RECORDS FOR PROCESSING -
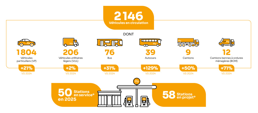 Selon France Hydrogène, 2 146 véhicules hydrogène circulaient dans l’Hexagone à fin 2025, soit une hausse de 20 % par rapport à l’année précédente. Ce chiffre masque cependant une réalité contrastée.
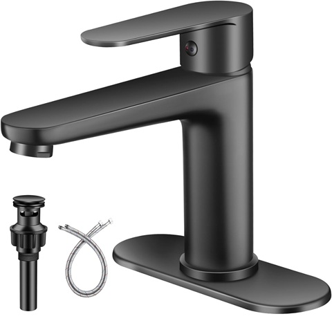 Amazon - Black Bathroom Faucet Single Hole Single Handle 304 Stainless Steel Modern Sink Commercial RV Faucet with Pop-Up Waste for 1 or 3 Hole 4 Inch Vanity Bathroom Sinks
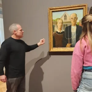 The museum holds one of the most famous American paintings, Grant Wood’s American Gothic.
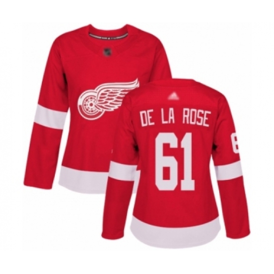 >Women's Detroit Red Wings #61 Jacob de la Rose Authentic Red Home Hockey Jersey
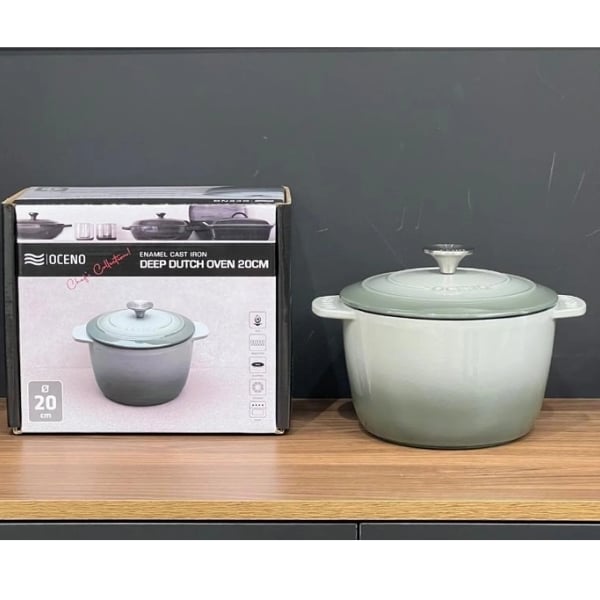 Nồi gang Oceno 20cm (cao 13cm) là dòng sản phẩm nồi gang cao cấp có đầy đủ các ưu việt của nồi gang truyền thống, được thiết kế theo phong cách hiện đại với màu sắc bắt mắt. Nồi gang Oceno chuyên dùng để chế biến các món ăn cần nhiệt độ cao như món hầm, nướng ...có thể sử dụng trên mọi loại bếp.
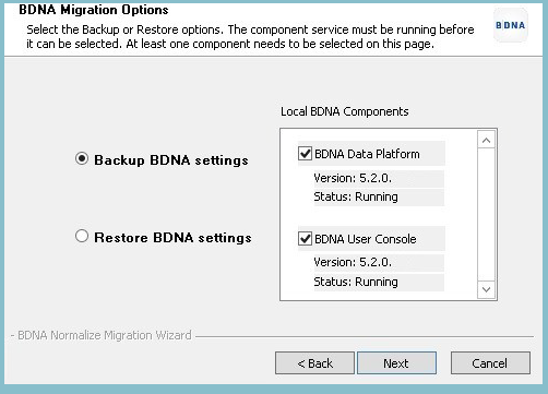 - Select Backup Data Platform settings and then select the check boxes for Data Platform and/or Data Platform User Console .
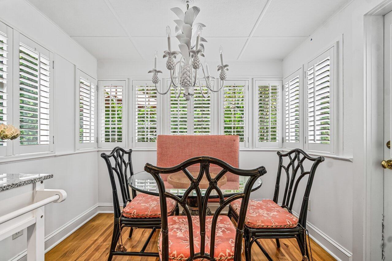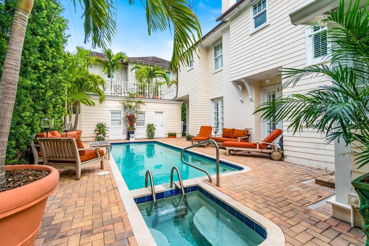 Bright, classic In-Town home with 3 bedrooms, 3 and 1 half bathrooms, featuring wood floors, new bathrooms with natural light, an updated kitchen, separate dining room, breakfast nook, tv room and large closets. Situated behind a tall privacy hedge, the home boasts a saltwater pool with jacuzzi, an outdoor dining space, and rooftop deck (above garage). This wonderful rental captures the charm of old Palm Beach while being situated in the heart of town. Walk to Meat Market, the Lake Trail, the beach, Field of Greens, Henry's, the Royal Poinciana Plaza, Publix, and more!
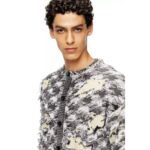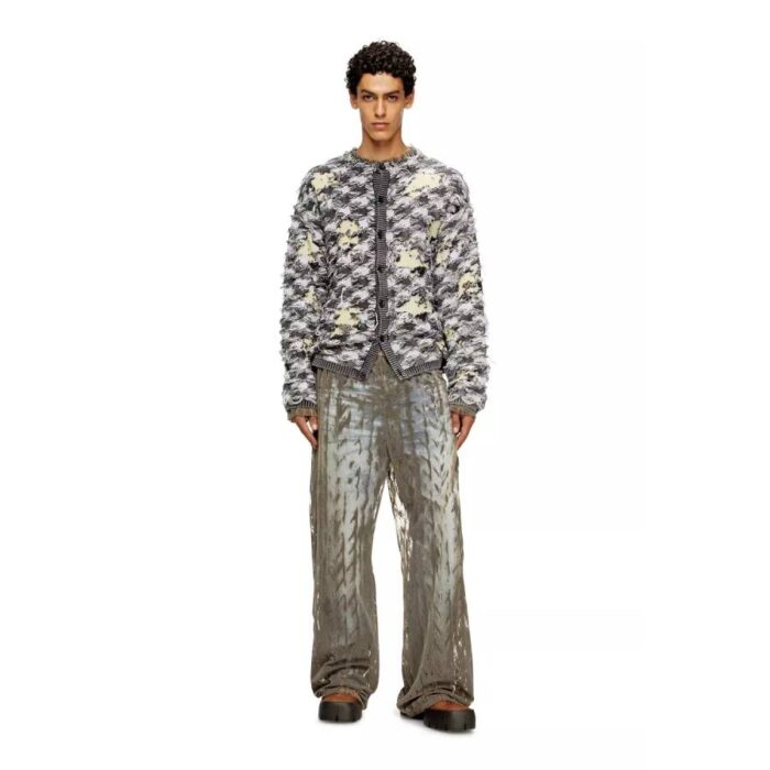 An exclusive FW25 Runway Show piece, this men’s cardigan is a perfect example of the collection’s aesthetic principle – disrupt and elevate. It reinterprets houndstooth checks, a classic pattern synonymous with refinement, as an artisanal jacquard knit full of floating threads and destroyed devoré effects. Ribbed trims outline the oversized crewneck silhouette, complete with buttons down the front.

GOAL OF THE EXERCISE -
Every entry must be reproduced exactly, with the images left out.

ANSWER FOR THE TASK -
 Selon France Hydrogène, 2 146 véhicules hydrogène circulaient dans l’Hexagone à fin 2025, soit une hausse de 20 % par rapport à l’année précédente. Ce chiffre masque cependant une réalité contrastée.
 Amazon - Black Bathroom Faucet Single Hole Single Handle 304 Stainless Steel Modern Sink Commercial RV Faucet with Pop-Up Waste for 1 or 3 Hole 4 Inch Vanity Bathroom Sinks
 The museum holds one of the most famous American paintings, Grant Wood’s American Gothic.
 >Women's Detroit Red Wings #61 Jacob de la Rose Authentic Red Home Hockey Jersey
 Nồi gang Oceno 20cm (cao 13cm) là dòng sản phẩm nồi gang cao cấp có đầy đủ các ưu việt của nồi gang truyền thống, được thiết kế theo phong cách hiện đại với màu sắc bắt mắt. Nồi gang Oceno chuyên dùng để chế biến các món ăn cần nhiệt độ cao như món hầm, nướng ...có thể sử dụng trên mọi loại bếp.
 - Select Backup Data Platform settings and then select the check boxes for Data Platform and/or Data Platform User Console .
 Bright, classic In-Town home with 3 bedrooms, 3 and 1 half bathrooms, featuring wood floors, new bathrooms with natural light, an updated kitchen, separate dining room, breakfast nook, tv room and large closets. Situated behind a tall privacy hedge, the home boasts a saltwater pool with jacuzzi, an outdoor dining space, and rooftop deck (above garage). This wonderful rental captures the charm of old Palm Beach while being situated in the heart of town. Walk to Meat Market, the Lake Trail, the beach, Field of Greens, Henry's, the Royal Poinciana Plaza, Publix, and more!
 An exclusive FW25 Runway Show piece, this men’s cardigan is a perfect example of the collection’s aesthetic principle – disrupt and elevate. It reinterprets houndstooth checks, a classic pattern synonymous with refinement, as an artisanal jacquard knit full of floating threads and destroyed devoré effects. Ribbed trims outline the oversized crewneck silhouette, complete with buttons down the front.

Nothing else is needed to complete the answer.